Wednesday, March 04, 2009
Blogging the Starry Messenger - The Moon
Having described the telescope, Galileo then turns to describing the Moon as seen through his new instrument. This section shows the puzzlement, if not the initial incomprehension, Galileo had when he first viewed the Moon at magnification.
We are used to the idea of craters and mountains on the Moon, but when Galileo first looked, the accepted idea was that all celestial bodies were perfect. The dark splotches so prominent to our unaided eye view were explained in various ways that left the Moon a perfect, unblemished sphere.
Now, Galileo more than most was in a position to realise that if the Earth was a planet, as Copernicus thought, then all planets, such as the Moon, might have features similar to those on Earth. But also recall this was the first time a world had been viewed from such a perspective, with a telescope of roughly 15x magnification, with lenses that had spherical and chromatic aberration, and without our fancy telescope mounts.
Given all this, it is a wonder that Galileo was able to describe and sketch the Moon as he did.
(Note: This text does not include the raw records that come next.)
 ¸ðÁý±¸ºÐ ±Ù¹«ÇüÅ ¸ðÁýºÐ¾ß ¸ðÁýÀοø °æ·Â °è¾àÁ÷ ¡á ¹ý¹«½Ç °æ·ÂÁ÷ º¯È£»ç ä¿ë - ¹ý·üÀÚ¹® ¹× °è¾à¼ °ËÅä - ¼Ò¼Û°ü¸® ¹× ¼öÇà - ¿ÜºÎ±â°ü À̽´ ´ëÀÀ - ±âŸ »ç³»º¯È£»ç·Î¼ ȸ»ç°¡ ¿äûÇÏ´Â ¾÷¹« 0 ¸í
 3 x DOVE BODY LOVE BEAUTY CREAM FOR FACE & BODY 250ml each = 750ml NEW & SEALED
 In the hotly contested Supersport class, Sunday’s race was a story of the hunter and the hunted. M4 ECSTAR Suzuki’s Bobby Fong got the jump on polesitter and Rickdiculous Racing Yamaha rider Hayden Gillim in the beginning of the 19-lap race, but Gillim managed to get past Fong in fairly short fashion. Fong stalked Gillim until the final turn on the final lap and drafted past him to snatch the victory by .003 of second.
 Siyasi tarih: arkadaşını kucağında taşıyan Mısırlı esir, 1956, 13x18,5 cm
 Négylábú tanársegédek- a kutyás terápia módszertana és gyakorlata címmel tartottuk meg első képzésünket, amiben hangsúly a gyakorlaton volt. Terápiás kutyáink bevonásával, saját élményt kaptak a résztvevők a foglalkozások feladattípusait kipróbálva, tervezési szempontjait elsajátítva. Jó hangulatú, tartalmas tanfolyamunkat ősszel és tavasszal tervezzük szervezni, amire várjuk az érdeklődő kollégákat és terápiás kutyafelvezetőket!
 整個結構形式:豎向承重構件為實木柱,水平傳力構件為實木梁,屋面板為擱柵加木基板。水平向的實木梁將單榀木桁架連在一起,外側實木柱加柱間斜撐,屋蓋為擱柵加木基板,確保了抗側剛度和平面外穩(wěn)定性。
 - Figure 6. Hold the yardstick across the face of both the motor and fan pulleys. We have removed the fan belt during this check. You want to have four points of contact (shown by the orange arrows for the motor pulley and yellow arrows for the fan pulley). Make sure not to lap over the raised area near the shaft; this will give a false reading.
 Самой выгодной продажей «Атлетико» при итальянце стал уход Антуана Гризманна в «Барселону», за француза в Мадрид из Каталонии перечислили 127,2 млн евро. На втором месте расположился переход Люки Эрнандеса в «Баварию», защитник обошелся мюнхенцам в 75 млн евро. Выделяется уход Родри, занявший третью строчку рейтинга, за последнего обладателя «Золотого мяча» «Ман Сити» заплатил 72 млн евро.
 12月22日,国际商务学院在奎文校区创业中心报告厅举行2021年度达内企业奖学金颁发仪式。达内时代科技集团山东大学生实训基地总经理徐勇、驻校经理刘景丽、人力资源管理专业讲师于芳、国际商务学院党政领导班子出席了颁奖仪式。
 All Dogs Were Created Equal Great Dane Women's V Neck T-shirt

Reading his account, you can almost hear the gears in his head grinding as he tries to make sense of the patches of light and dark revealed by his telescope.
First he briefly describes the light and dark patches that people knew for millennia from their nightly views of the sky. Then he goes on to describe things no one has seen before:
On the fourth or fifth day after new moon, when the moon is seen with brilliant horns, the boundary that divides the shaded part form the lighted part does not uniformly run along an oval line, as would happen on a perfectly spherical solid, but traces out an uneven, rough and very wavy line as shown in the figure below. Indeed, many luminous projections extend beyond the border into the darker part, while on the other hand some dark patches invade the illuminated part. Moreover, a great multitude of small scattered dark spots, entirely separated from the dark region, are scattered almost all over the area illuminated by the sun, excepting only that part occupied by the large and ancient spots [the large dark patches that can be seen with the unaided eye IFM]Slowly, painstakingly, Galileo describes the effects of sunrise, the appearance of the Moon during different phases. You can see him trying to build a picture of a world that has never been glimpsed before. He also had to convince his audience that what he saw was not mere illusion, an artefact of the telescope. This was not so absurd as it seems to us today. Telescopes were new, and did suffer from chromatic and other aberrations (and even today internal reflections can generate phantom objects). Still, as you can see from one of Galileo's illustrations compared to a modern photograph, for a hand held 15x instrument, he did quite well in accurately depicting the Moon's features (the big crater is today known as Albategnius, it's size is exaggerated due to issues in producing the woodcuts that made the illustrations for the Staryy Messenger).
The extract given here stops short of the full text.